JHPIEGO Receives Gates Grant for Cervical Cancer
Prevention Programs
By Leslie Gianelli JHPIEGO
JHPIEGO has
received a two-year award of more than $914,000 from the
Bill & Melinda Gates Foundation to continue life-saving
cervical cancer prevention work in Thailand and Ghana.
Through the Cervical Cancer Prevention Outcomes Project,
JHPIEGO will produce new findings on the feasibility,
effectiveness and sustainability of strategies to prevent
cervical cancer in low-resource settings.
Cervical cancer remains the No. 1 cause of cancer
deaths among women in many developing countries. Each year
more than 233,000 women worldwide die from the disease, the
majority in developing countries, where women lack access
to affordable and effective services for prevention,
testing and treatment.
For 50 years, Pap smears have contributed
significantly to the marked reduction in the incidence of
cervical cancer among women in industrialized countries,
but numerous obstacles hamper developing countries in
maintaining such programs, which require extensive
financial resources and health infrastructure.
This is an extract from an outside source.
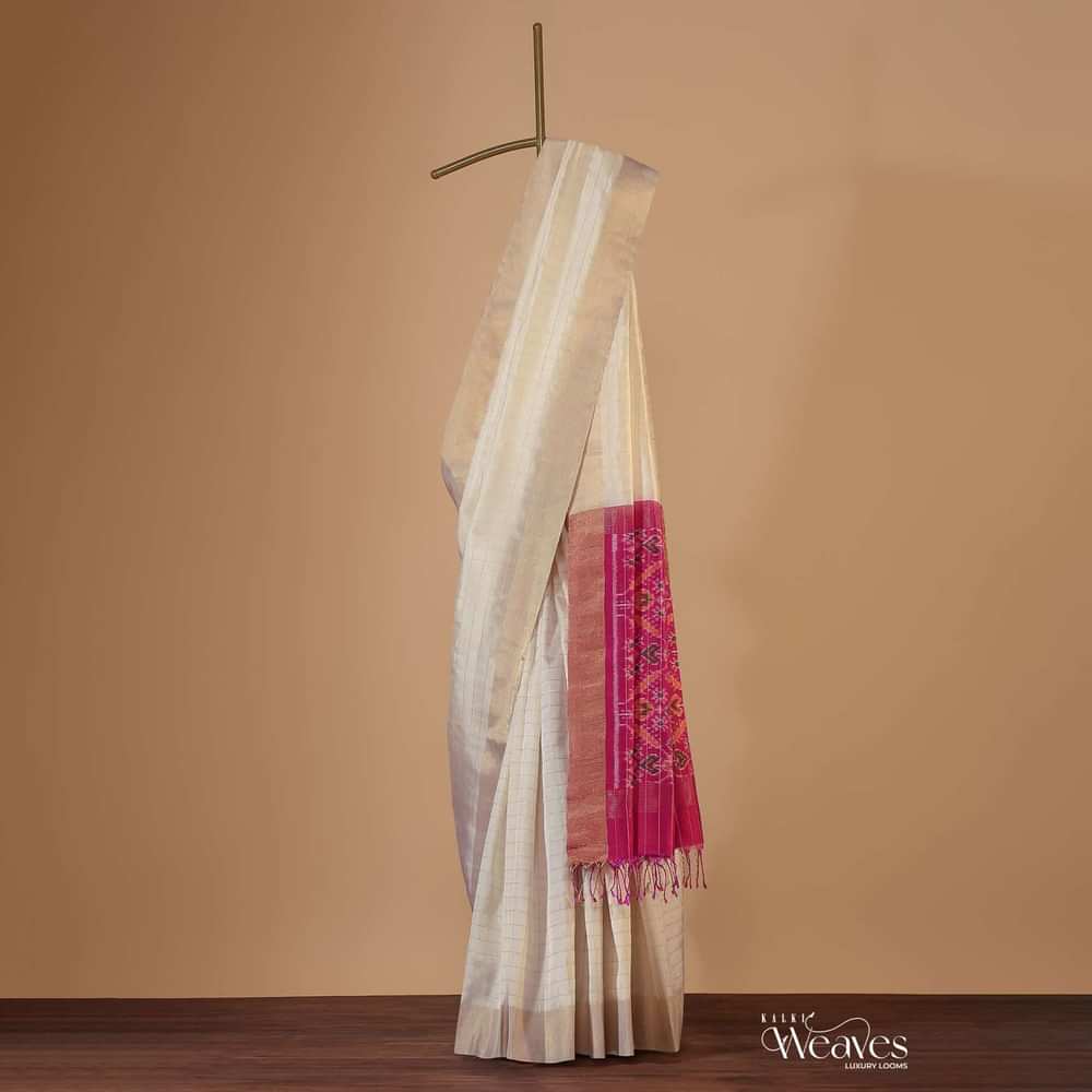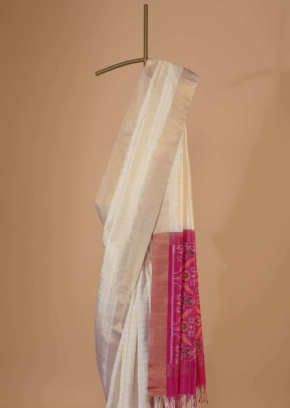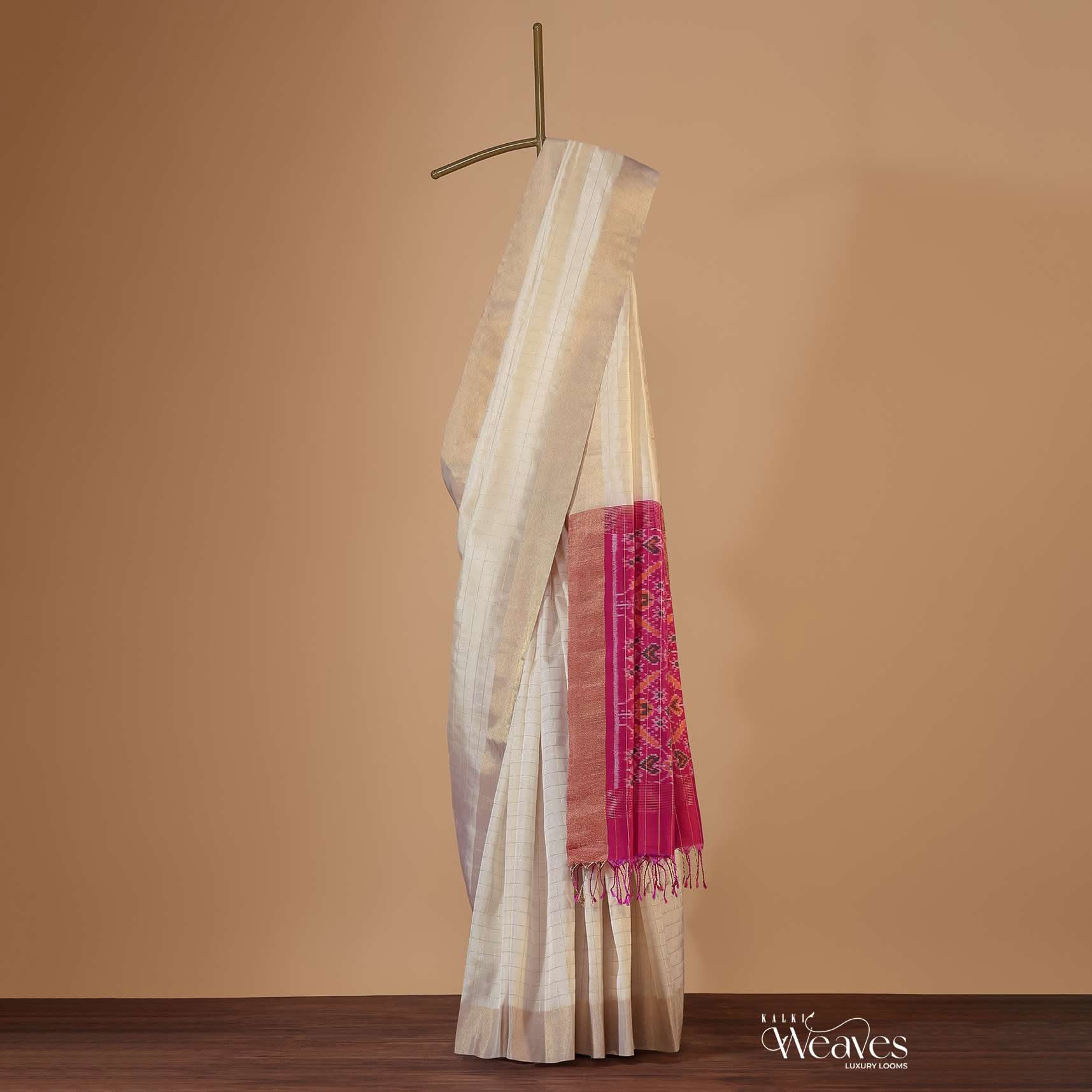 Daisy White Handloom Saree In Album South Silk With Ikat Patola Pallu And Unstitched Blouse

In 2003 researchers from JHPIEGO and the Royal Thai
College of Obstetrics & Gynaecology reported in The Lancet
that a single-visit approach using VIA (for visual
inspection with acetic acid) and immediate cryotherapy for
abnormal cells that may be precancerous is safe, acceptable
and feasible in low-resource settings. As a result of these
findings, both Thailand and Ghana have endorsed this
approach as an acceptable alternative to Pap smears.
With the new award, JHPIEGO will conduct an operations
research study to assess programmatic outcomes of its
demonstration projects in those countries.